The problem:
For the listing below, print exactly the lines from the line with "и выбираем пункт" to the line with "Faux alligator leather", both included, and nothing beyond them.

Entries supplied:
--------------------------------
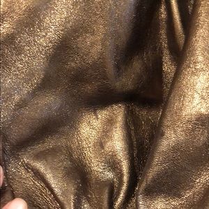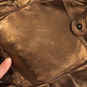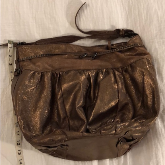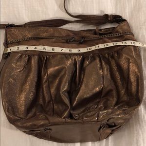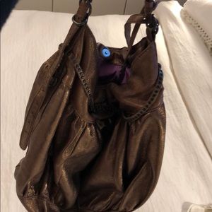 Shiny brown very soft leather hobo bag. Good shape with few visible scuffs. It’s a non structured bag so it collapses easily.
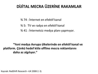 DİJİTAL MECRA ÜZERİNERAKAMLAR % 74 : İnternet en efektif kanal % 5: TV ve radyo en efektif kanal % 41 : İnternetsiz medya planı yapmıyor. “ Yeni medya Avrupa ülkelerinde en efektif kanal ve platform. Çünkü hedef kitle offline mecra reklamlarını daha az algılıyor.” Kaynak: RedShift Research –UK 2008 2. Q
--------------------------------
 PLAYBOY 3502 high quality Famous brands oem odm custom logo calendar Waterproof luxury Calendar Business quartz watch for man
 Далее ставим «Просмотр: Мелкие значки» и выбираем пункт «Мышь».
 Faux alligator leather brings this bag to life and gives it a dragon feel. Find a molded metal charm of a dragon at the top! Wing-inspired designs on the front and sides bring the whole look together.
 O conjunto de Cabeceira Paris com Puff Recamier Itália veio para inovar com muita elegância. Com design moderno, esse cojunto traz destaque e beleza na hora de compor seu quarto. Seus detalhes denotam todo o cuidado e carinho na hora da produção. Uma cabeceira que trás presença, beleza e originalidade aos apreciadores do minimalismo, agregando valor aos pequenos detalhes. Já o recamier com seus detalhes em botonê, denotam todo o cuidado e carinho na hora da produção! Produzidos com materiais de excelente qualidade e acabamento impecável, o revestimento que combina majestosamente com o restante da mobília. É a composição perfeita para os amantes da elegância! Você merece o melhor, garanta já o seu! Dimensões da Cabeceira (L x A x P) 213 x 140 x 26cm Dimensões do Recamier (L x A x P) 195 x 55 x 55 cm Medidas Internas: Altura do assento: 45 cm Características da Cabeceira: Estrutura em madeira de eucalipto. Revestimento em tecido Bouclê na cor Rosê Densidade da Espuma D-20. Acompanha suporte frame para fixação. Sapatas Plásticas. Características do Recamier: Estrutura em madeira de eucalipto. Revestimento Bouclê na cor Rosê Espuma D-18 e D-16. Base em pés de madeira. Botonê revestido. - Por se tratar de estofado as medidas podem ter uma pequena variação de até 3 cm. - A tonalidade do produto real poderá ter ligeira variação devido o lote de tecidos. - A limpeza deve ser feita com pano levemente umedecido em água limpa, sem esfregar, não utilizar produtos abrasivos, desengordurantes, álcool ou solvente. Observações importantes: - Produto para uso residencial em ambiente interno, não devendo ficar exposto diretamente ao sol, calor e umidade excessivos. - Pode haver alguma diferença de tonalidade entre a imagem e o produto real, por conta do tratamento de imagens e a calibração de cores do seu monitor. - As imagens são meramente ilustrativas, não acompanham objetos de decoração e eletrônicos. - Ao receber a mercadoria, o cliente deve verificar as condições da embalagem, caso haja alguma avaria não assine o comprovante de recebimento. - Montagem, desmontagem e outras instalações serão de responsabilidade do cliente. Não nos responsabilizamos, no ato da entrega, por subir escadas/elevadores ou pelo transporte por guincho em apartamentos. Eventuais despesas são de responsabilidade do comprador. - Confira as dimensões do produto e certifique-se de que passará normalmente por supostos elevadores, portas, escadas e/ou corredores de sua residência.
--------------------------------
Final answer:
 Далее ставим «Просмотр: Мелкие значки» и выбираем пункт «Мышь».
 Faux alligator leather brings this bag to life and gives it a dragon feel. Find a molded metal charm of a dragon at the top! Wing-inspired designs on the front and sides bring the whole look together.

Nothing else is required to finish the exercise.